Auflösung des Journalismus-Kollektivvertrag – Könnte eine neue Journalismus-Förderung die Gehälter beeinflussen? – 465

Kollektivvertrag-Journalismus-Österreich-Kleine Zeitung

Die Kündigung des Kollektivvertrags für Journalistinnen und Journalisten durch den Verband österreichischer Zeitungen (VÖZ) sorgte vor zwei Wochen für Aufsehen. Gleichzeitig stellt sich die Frage ob die Tageszeitungen nun die geplante Arbeitsplatzförderung nach dem noch im Genehmigungsverfahren befindlichen Qualitäts-Journalismus-Förderung nutzen könnten um ohne einen Kollektivvertrag neue Lohnniveaus zu etablieren.

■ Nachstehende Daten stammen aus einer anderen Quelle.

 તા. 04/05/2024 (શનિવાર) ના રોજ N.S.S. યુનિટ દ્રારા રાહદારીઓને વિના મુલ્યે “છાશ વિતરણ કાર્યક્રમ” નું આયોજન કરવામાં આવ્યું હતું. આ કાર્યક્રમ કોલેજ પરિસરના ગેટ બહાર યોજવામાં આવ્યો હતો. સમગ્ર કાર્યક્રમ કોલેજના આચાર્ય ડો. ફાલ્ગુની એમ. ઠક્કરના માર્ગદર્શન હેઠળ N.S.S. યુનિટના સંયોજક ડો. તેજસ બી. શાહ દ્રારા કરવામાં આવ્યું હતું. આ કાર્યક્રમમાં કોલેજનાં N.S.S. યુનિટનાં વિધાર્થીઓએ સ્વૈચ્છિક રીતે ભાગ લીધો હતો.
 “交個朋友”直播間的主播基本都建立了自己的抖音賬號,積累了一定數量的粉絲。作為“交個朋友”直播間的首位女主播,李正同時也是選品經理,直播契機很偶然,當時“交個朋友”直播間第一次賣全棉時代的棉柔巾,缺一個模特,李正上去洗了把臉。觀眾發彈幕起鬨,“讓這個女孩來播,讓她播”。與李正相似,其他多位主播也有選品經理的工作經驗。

ZEITUNGSVERBAND VÖZ KÜNDIGT „WIEDER“ KOLLEKTIVVERTRAG

Am Dienstag (26.09.2023) gab der Verband österreichischer Zeitungen die Kündigung des Kollektivvertrags zum Jahresende 2023 bekannt. Die Interessensvertretung der Arbeitgeber stellte der Gewerkschaft GPA aber gleichzeitig das Angebot in den Raum, den Kollektivvertrag verbindlich und vollumfänglich bis 30. Juni 2024 zu verlängern. Damit will der Vorstand des Verlegerverbandes seine Verhandlungsbereitschaft signalisieren um entsprechende Verhandlungen zu einer Neugestaltung des KV zu ermöglichen.

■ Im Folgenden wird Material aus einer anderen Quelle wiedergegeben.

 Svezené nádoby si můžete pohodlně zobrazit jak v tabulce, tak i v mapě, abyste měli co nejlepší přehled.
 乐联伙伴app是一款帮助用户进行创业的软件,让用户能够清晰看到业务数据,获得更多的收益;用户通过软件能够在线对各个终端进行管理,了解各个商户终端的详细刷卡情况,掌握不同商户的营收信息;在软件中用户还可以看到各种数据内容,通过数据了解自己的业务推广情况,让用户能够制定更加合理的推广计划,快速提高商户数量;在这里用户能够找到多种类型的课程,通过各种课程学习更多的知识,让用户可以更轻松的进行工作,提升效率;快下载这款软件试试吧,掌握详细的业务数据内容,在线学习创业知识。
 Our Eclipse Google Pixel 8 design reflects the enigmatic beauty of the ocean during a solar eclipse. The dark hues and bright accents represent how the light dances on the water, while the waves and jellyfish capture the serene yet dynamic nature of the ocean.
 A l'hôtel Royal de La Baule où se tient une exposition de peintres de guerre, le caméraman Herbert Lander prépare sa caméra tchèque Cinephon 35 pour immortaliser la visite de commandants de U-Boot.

Neu ist diese Vorgangsweise nicht, fast auf den Tag genau, 11 Jahre zuvor, kündigte, am  27.09.2012, der VÖZ das letzte Mal eine Vereinbarung mit der Gewerkschaft auf. Mitte 2013 einigten sich die Vertragspartner auf einen neuen Kollektivvertrag welcher erstmals auch die Online-Journalisten eingebunden hat. Diese waren bis dahin oft in branchenfremden Kollektivverträgen erfasst worden (bei Privatradios und Privatfernsehsendern existieren bis heute keine Kollektivverträge). Gleichzeitig wurde damals das 15. Monatsgehalt für Neueintritte sowie die Löhne für Neueinsteiger reduziert, dafür kam es zu mehr Gehaltssprüngen. Der Einstiegsgehalt sank damals von 2.541 Euro/Monat auf 2.185 Euro/Monat. Dafür wurden aber die Intervalle zwischen den Gehaltssprüngen reduziert. Details dazu finden sich in diesem Artikel des Standard vom 08. Mai 2013.


Video: Styria-CEO Mag. Markus Mair zeichnete bereits im Jänner 2023 auf, wie die Lage in der Medienbranche aussieht.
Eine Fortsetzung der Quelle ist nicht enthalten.